• _Exercise brief_:
What is the number of lines in these records with "avec" in them? Answer with that number only.

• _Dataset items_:
┄┄┄┄┄┄┄┄┄┄┄┄┄┄┄┄┄┄┄┄

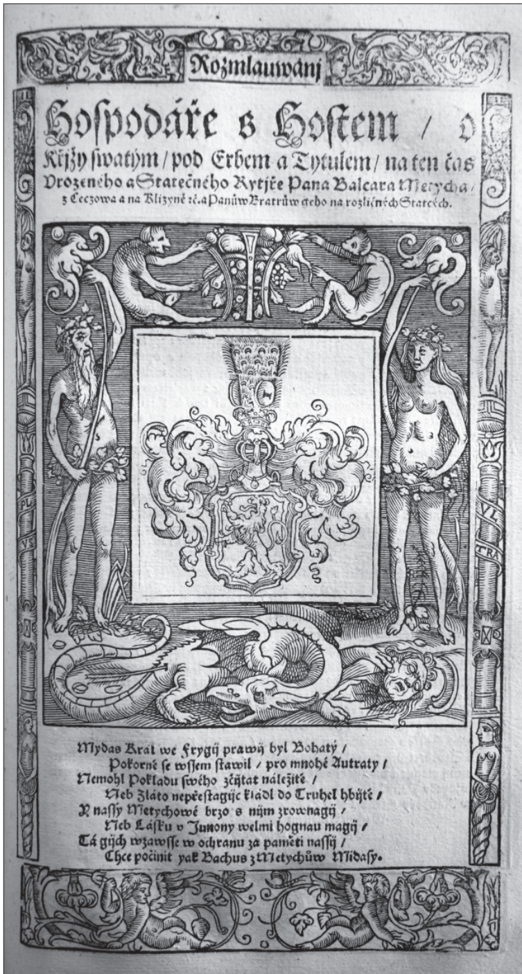
4. Bartoloměj Paprocký z Hlohól, Štambuch slezský , Brno 1609, titulní list knihy Rozmlouvání hospodáře s hostem . Vědecká knihovna v Olomouci
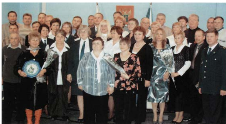
На встрече с ветеранами. 29 мая 2008 г.
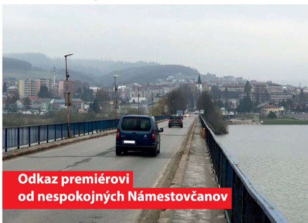
Odkaz premiérovi od nespokojných Námestovčanov

Aj keď Námestovo neleží na trase budúcej rýchlostnej cesty, problémy so zhrustenou dopravou sa týkajú aj nášho mesta. Tranzitná doprava neraz komplikuje dopravnú situáciu mnohým ľuďom, ktorí sa potrebujú presúvať v rámci mesta. Do akcie sa preto už čoskoro aktívne plá-
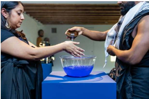
Welcome/Opening ritual Grantangi Plant Medicine, 2024 Ritual with selfmade incense
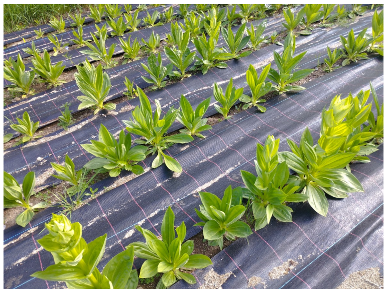
Culture de gentiane avec bâche en inter-rangs - culture de 1 an très bien développée

La sortie se termine par la visite de la pépinière : les plants issus de la production de Christian PERRIER avec une levée de dormance à l'acide gibbéréllique (AG3*) ont été repiqués au jardin, ils sont beaux. Quelques jeunes plants prélevés lors de la récolte de la culture du Monestier (octobre 2023) ont été mis en jauge dans le jardin, ils sont beaux aussi. Une autre série de plants prélevés lors de la récolte du Monestier a été repiquée en godets. Nombre d'entre eux n'ont pas survécu, vraisemblablement à cause de l'habillage des racines qu'a nécessité le repiquage. Les plants vivants ne se sont pas développés. Les plants commandés à Centa Kirsch, livrés le 25/05 et en attente de répartition entre les adhérents de Gentiana Lutea sont beaux mais encore fragiles. On peut observer un problème de pourriture en bordure des caisses.
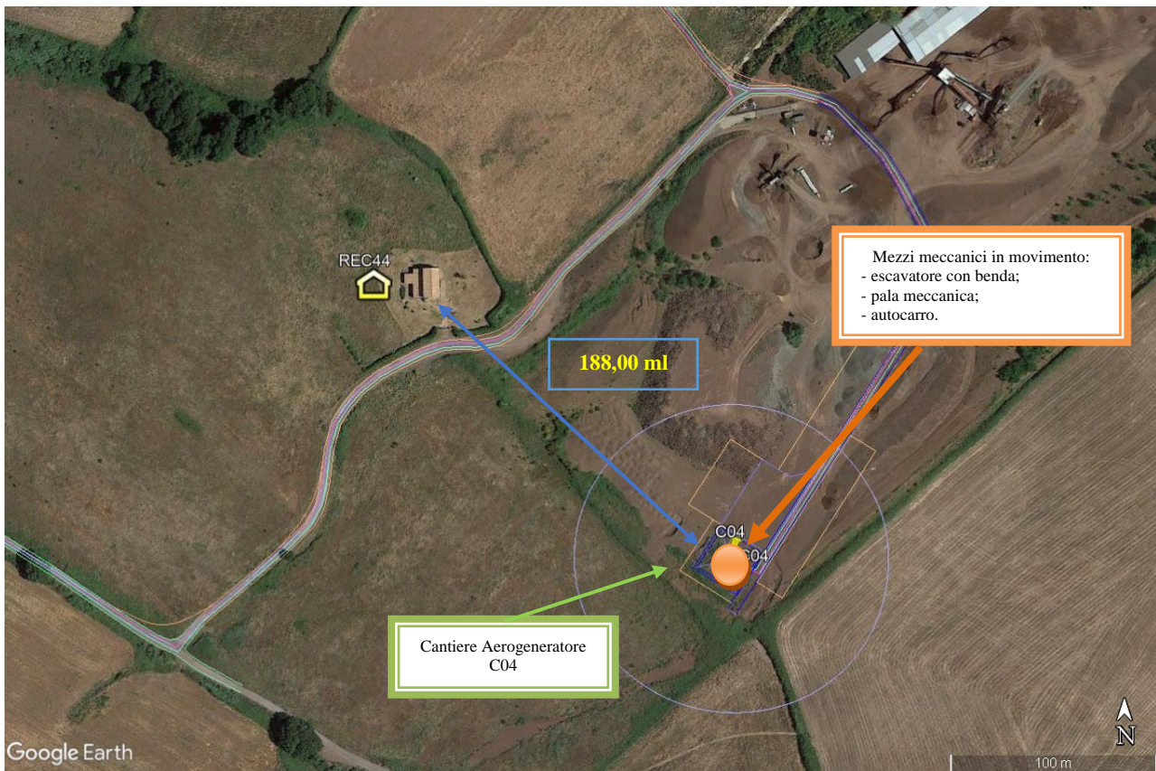
Figura 2: scenario 2 fondazioni WTG C04

Nelle immagini precedenti sono descritte le due condizioni al limite più sfavorevoli:
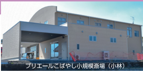
プリエールこばやし小規模斎場（小林）
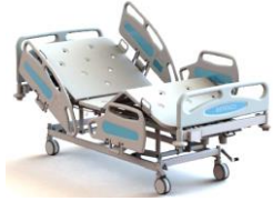
M420-33 Hospital Ward & Nursing Bed เตียงควบคุมด้วยไฟฟ้า 3 โกร์ รองรับน้ำหนัก 250 กก. มีฟังก์ชันการทำ CPR M420-33 CareTek Electric Bed
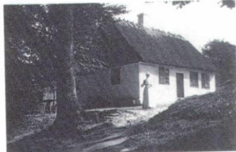
Beværrerhuset havde oprindelig stråtag. Ældre foto, (sommeren 1903).
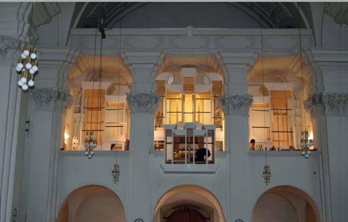
Der Intonateur bei der Arbeit
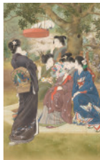
《嫁ぐ人》 明治40年(1907) 同館蔵
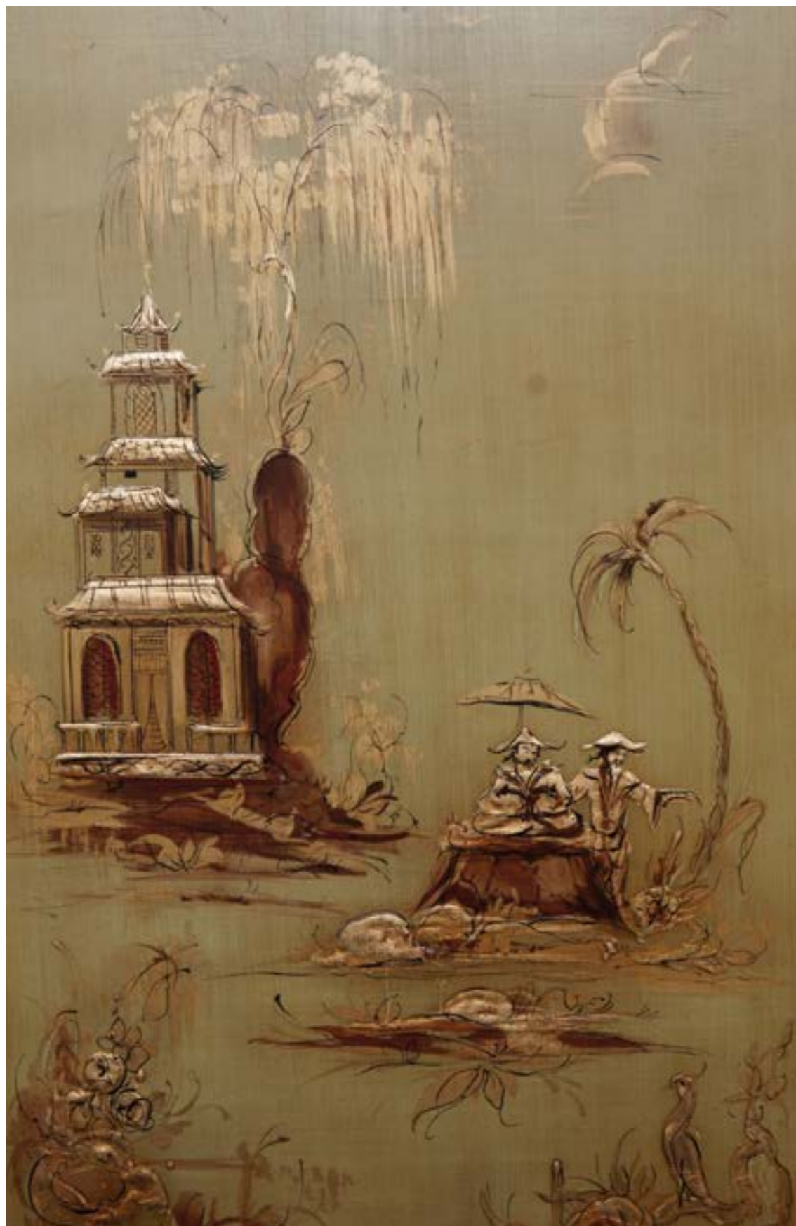
Gobi Pannello decorativo in legno. Decoro Verde Antico Chinoiserie. Pittura a mano con pastiglia e mecca.

┄┄┄┄┄┄┄┄┄┄┄┄┄┄┄┄┄┄┄┄

• _Exercise answer_:
2